──────── Recorded information ────────

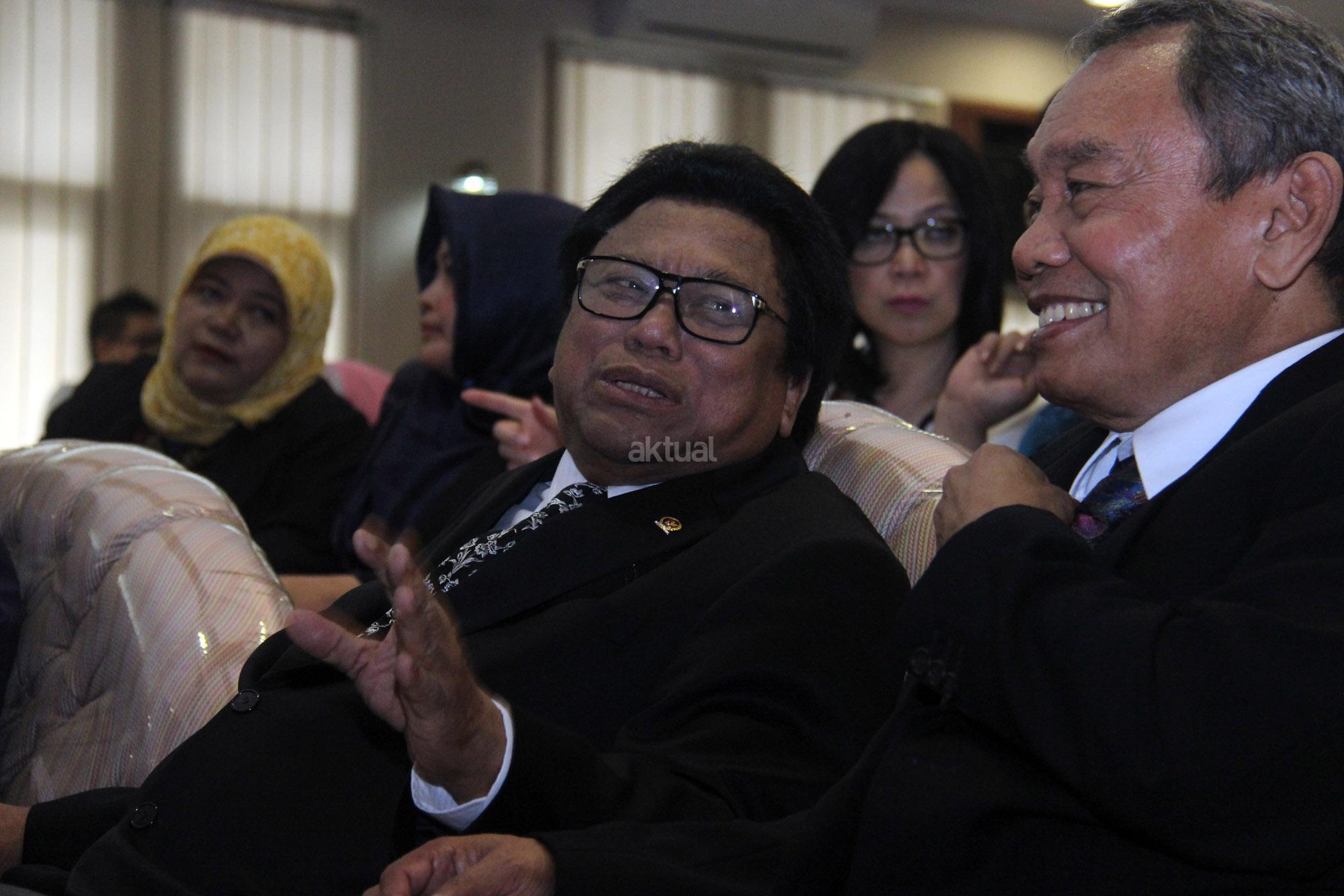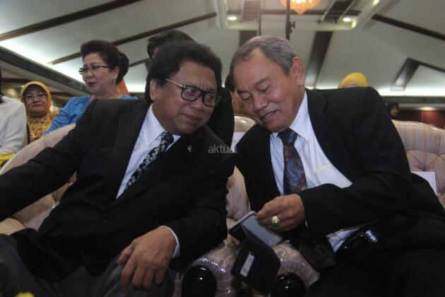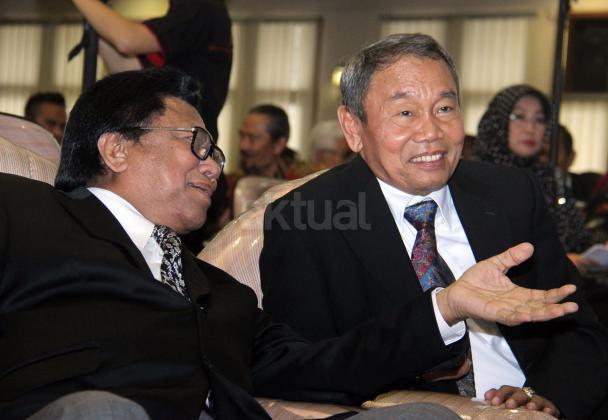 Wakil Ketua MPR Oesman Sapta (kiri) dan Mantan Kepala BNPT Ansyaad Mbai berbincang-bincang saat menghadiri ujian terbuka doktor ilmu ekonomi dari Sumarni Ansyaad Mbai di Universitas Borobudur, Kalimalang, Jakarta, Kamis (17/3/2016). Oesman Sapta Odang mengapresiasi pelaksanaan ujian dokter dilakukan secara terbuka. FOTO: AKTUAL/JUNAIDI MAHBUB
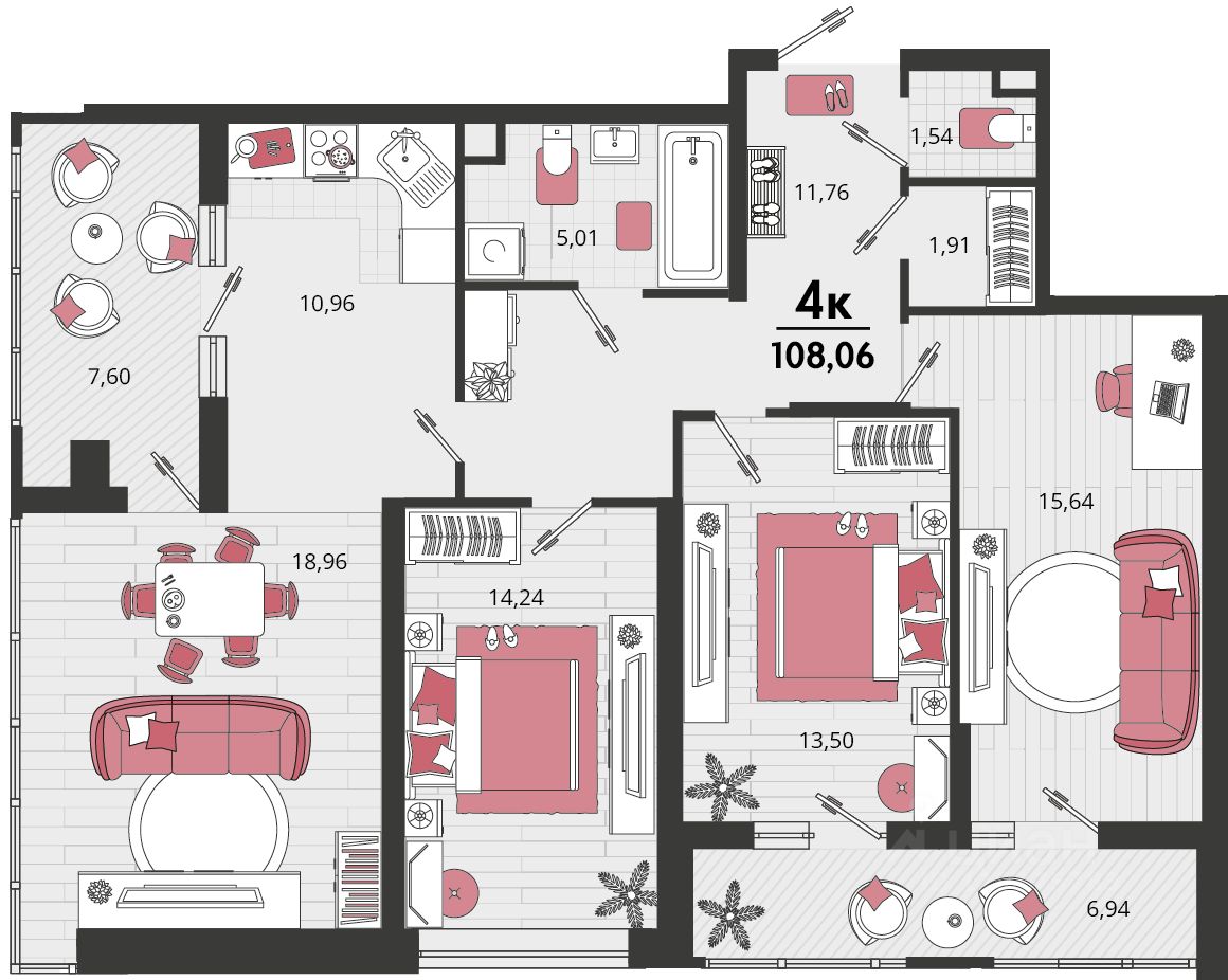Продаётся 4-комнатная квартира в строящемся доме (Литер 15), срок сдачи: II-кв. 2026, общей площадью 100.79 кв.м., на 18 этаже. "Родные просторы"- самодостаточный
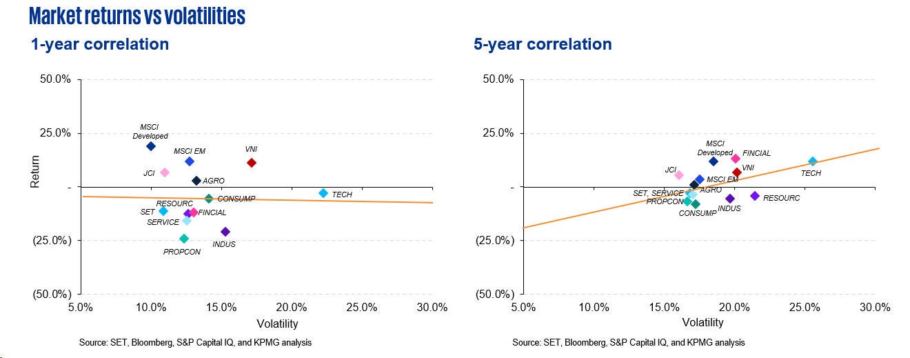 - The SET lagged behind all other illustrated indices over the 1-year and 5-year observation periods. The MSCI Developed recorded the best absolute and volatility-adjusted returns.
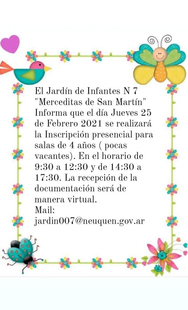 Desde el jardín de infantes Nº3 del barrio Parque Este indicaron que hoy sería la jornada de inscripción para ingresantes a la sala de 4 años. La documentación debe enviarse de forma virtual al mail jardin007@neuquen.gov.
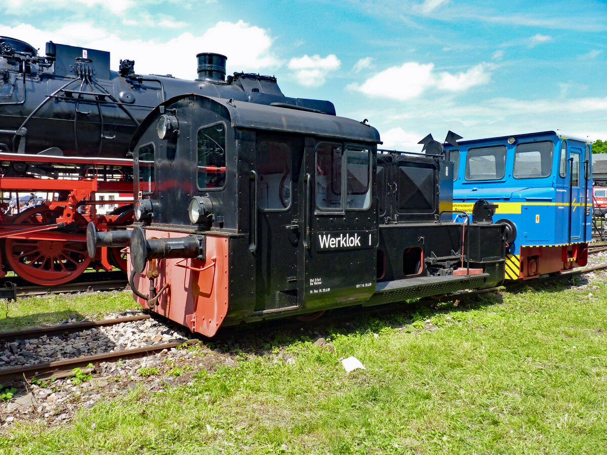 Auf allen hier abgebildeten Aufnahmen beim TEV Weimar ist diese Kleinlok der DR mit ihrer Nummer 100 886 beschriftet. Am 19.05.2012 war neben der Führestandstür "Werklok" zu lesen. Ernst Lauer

────────
──────── Recorded information ────────

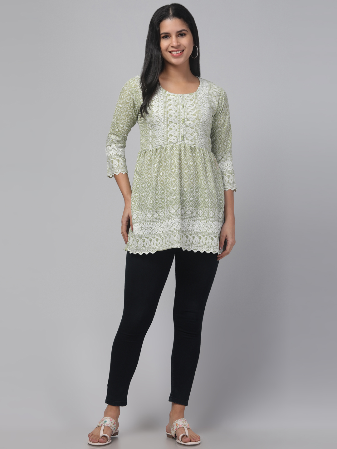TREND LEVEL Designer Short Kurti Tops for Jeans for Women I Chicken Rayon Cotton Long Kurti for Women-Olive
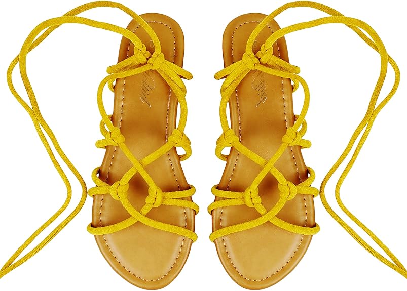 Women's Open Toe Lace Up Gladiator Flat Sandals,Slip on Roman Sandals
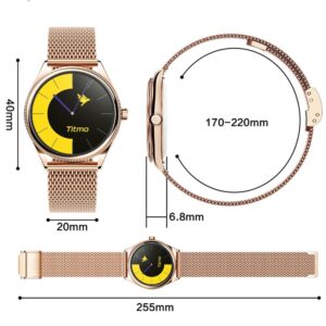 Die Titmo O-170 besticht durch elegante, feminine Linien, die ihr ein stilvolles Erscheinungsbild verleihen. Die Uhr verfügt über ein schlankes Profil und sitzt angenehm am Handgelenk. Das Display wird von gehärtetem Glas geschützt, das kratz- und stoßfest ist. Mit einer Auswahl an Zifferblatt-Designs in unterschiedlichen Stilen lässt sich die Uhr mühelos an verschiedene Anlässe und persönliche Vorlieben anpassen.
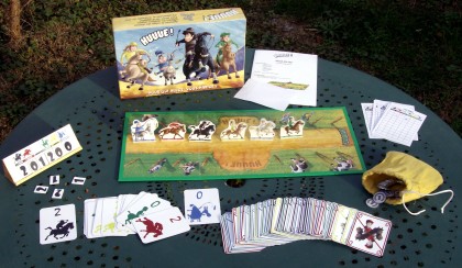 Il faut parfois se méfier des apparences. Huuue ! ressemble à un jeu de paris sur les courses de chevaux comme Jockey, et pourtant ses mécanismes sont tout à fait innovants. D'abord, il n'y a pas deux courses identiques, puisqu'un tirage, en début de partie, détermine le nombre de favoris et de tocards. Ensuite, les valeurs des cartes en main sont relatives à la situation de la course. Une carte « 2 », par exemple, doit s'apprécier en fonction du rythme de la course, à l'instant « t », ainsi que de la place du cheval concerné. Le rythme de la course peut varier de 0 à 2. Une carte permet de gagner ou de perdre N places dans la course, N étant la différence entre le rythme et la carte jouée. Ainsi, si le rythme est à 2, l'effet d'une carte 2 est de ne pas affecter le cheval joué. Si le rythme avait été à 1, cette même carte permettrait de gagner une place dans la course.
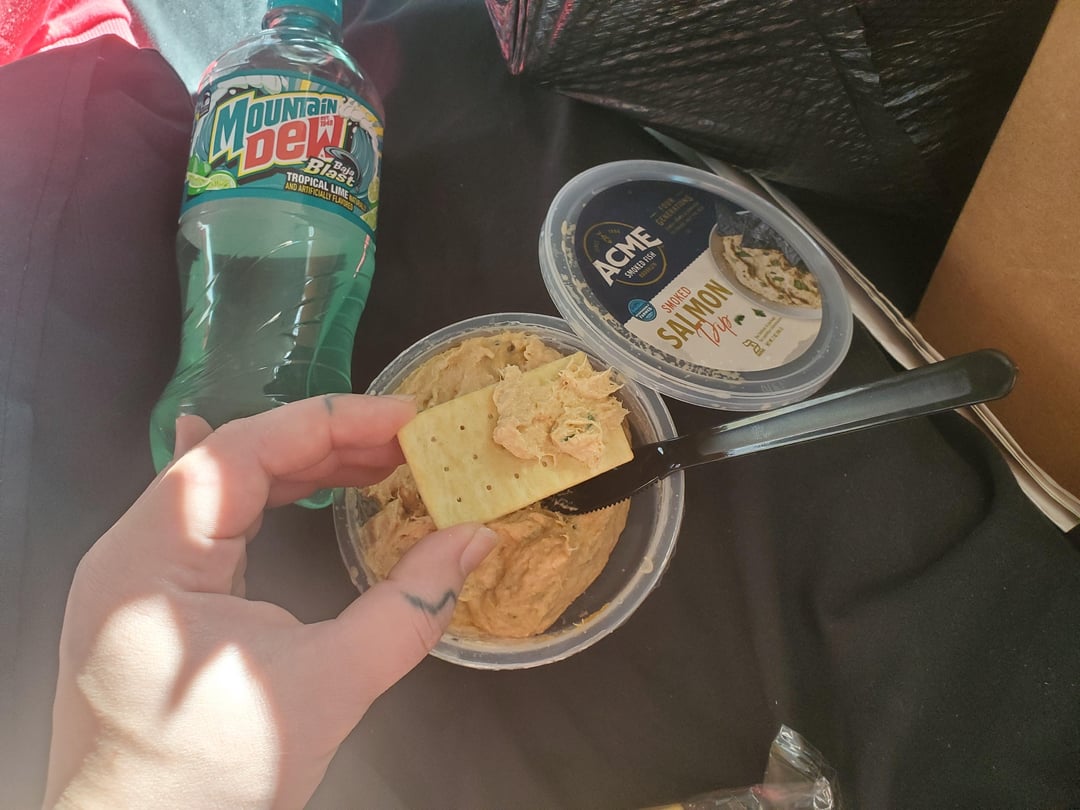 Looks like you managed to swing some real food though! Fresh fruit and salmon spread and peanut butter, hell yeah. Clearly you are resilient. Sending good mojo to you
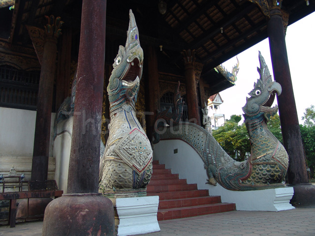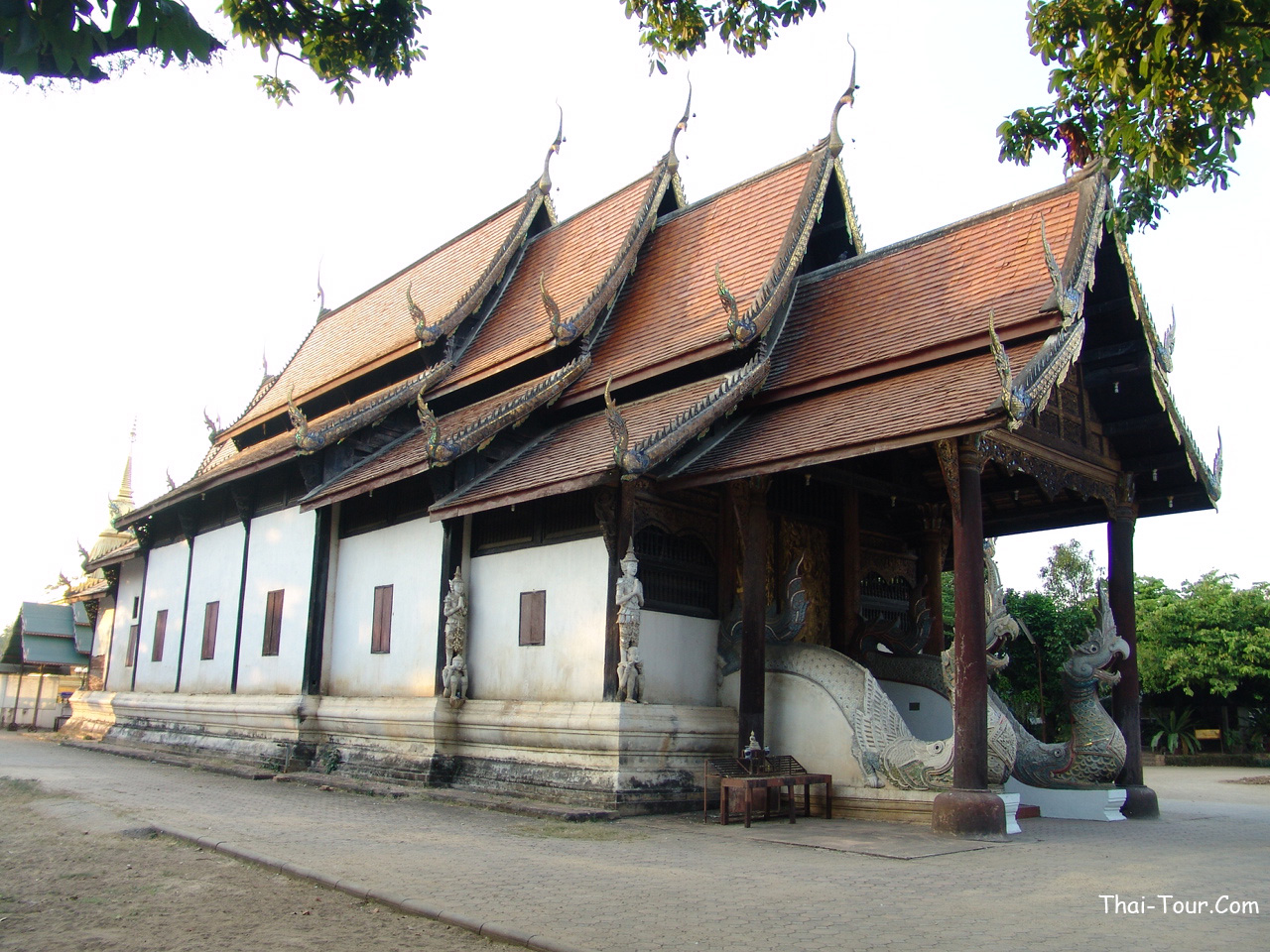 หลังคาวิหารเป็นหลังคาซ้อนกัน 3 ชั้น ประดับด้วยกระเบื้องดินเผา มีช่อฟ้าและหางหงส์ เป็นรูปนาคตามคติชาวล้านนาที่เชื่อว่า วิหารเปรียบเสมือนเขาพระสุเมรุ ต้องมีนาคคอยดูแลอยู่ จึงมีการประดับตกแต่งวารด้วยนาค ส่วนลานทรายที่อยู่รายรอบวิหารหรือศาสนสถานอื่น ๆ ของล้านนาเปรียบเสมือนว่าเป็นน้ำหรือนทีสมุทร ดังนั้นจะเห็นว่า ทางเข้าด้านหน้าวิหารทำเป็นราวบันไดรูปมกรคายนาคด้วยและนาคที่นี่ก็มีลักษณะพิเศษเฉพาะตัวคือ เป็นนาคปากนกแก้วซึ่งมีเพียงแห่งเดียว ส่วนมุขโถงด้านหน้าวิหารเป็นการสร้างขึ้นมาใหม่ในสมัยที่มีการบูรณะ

────────
──────── Recorded information ────────

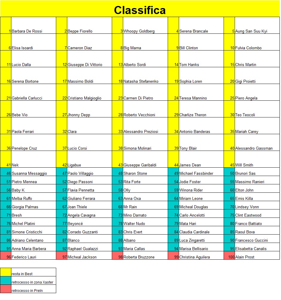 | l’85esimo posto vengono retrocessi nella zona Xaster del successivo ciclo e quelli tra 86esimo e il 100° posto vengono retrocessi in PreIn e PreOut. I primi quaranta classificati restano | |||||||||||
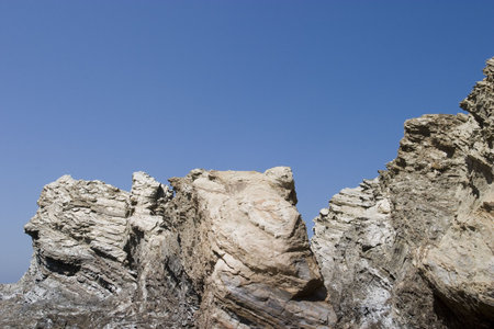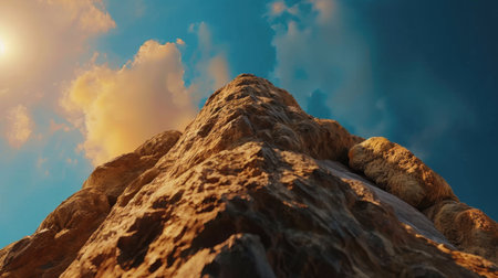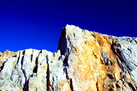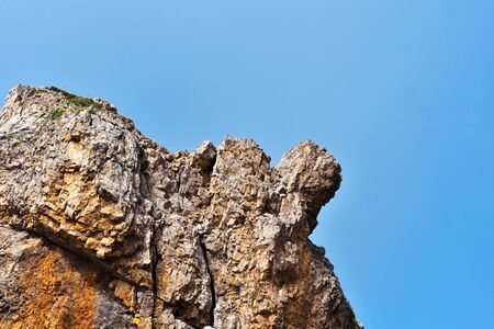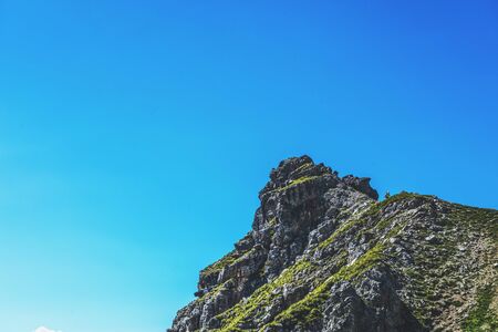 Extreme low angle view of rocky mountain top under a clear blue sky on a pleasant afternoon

────────

- _What needs to be done_: In the listing above, find the line containing "Desde el jardín" and the line containing "Auf allen hier", then write out both of them and every line between, exactly, with no pictures.

- _Output_:
 Desde el jardín de infantes Nº3 del barrio Parque Este indicaron que hoy sería la jornada de inscripción para ingresantes a la sala de 4 años. La documentación debe enviarse de forma virtual al mail jardin007@neuquen.gov.
 Auf allen hier abgebildeten Aufnahmen beim TEV Weimar ist diese Kleinlok der DR mit ihrer Nummer 100 886 beschriftet. Am 19.05.2012 war neben der Führestandstür "Werklok" zu lesen. Ernst Lauer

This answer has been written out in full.